Note: Research Tissue Banks (RTBs) and Research Databases (RDBs) are excluded — the 'Notice of Substantial Amendment' form and the Amendment tab in IRAS continue to apply for these.
Three categories of modification now apply:
Modification categories
| Substantial modification |
A change likely to have a substantial impact on participant safety or rights, or on data reliability. Requires REC review. Examples include: significant changes to participant information sheets or consent procedures; change of chief investigator; change of primary endpoints; addition of a study arm; withdrawal of an independent data monitoring committee. |
| Modification of an important detail |
A change that does not significantly impact participant safety or rights, but which the REC needs to be made aware of for administrative or oversight purposes. Not reviewed by the REC — no outcome is issued. Examples include: changes to project title or contact details; increase in study duration (without extending treatment exposure); change of sponsor. |
| Minor modification |
Changes that do not fall into either category above. Can be implemented at any time without informing the REC (though other approvals such as HRA Approval may still be required). Examples include: addition of a new site or investigator; minor protocol corrections; changes in logistical or technical arrangements. |
Sponsor responsibility: Determining whether a proposed change is significant or insignificant remains the responsibility of the sponsor, consistent with current practice.

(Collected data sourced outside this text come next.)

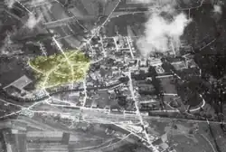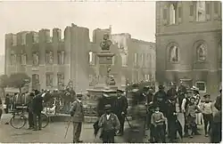 Die Käferstraße, etwa von der Kreuzung mit der Wöhrdenstraße bzw. Wasserstraße aus. Links das Anwesen Marie Engeßer, der Brandherd. Daneben, Bildmitte, die Ruine der Restauration Kuttruff. Ganz hinten rechts das Amtsgefängnis mit dem markanten Turm. -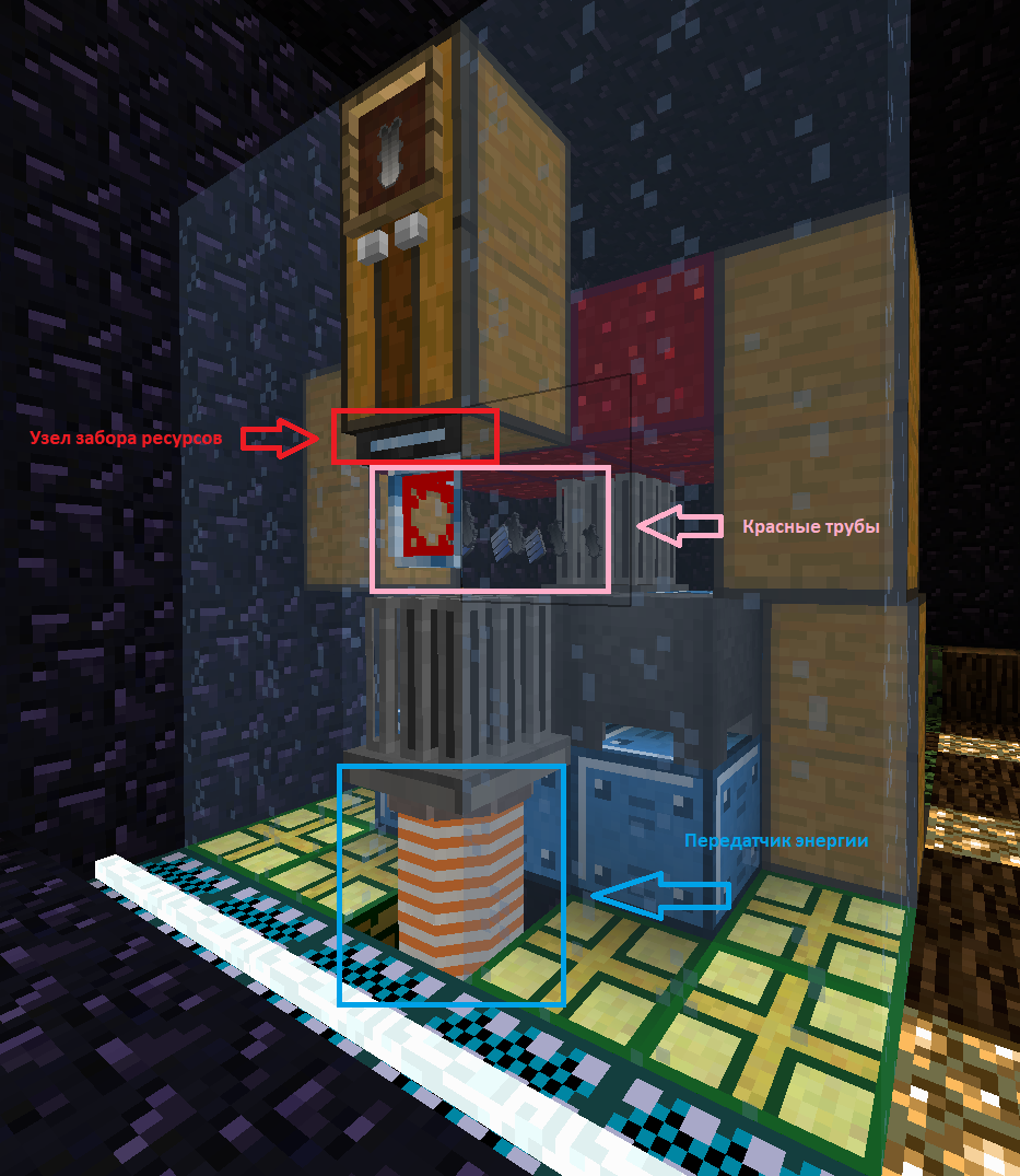 Теперь устанавливаем 6 ред. кубов над трубами так, как показано на скрине, жмем по всем ПКМ(чтобы не заморачиваться), если виднеются частицы ред. куба, то все отлично. Также возле узлов забора ресурсов будут частицы, которые говорят об их активности. С этим мы разобрались. Теперь переходим к плутониевым стержням.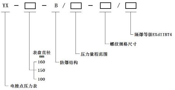YX-160B(150B 100B)防爆電接點壓力表由隔爆外殼、測量系統、電接點組、調節裝置和出線盒等組成。防爆電接點壓力表的隔爆外殼具有良好的隔爆性能,因此防爆電接點壓力表對在正常工作過程中由于火花或電弧的影響,除了能承受殼體內部的爆炸性氣體混合物在一旦引起爆炸時產生的爆炸壓力外,并能有效地阻止由此產生的熱能向外順利傳播,而只能在殼體內部沿著隔爆接合面的微小縫隙處緩慢地向外擴散。這時,傳至殼體外部的瞬間溫度已降低到爆炸性氣體混合物的燃點溫度以下,故不會導致傳爆。

The application, booking, and REC meeting process for non-CTIMPs remains unchanged. However, the HRA has provided greater clarity on timelines for each stage:
Approvales process
| Validation |
REC aims to confirm validity within 1 working day. Sponsors have 7 calendar days to resolve issues. All submissions confirmed valid or invalid within 7 calendar days. |
| Initial REC review |
Completed within a maximum of 30 calendar days of validation. Applies to full committee reviews; Proportionate Review studies follow the same timeline via sub-committee. |
| Request for further information (RFI) |
Issued if the REC cannot give a favourable opinion after initial review. Sponsors have up to 60 calendar days to respond. Extensions can be requested directly from the REC. |
| REC response to RFI |
Outcome issued within 10 calendar days of receipt of a complete response. Possible outcomes: favourable opinion; favourable opinion subject to conditions; unfavourable opinion. |
| Appeal |
Unfavourable opinions can be appealed to appeals@hra.nhs.uk within 28 calendar days of receiving the outcome. |
From 28 April 2026, substantial modification requests follow a revised review process with defined timelines. The previous option to submit a 'modified amendment' following an unfavourable opinion no longer exists — sponsors now have the opportunity to respond to a Request for Further Information before a final decision is made.
Modification proecss
| Validation |
Confirmed within 7 calendar days. Sponsors have 7 days to resolve issues; failure to do so requires resubmission. |
| REC review |
Outcome issued within 35 calendar days of validation. Possible outcomes: favourable opinion; favourable opinion subject to conditions; RFI; unfavourable opinion. |
| Request for further information |
Issued within the 35-day window where the REC cannot approve outright. Sponsors have up to 60 calendar days to respond. Extensions are available on request to the REC. |
| REC response to RFI |
Outcome within 10 calendar days of a complete response. Modified amendments must not be submitted — the RFI process replaces this route. |
| Appeal |
Unfavourable opinions may be appealed to appeals@hra.nhs.uk within 28 calendar days. |
Transparency requirements for non-CTIMP clinical trials have been updated to align more closely with the new CTIMP registration rules, supporting consistency across all UK trials.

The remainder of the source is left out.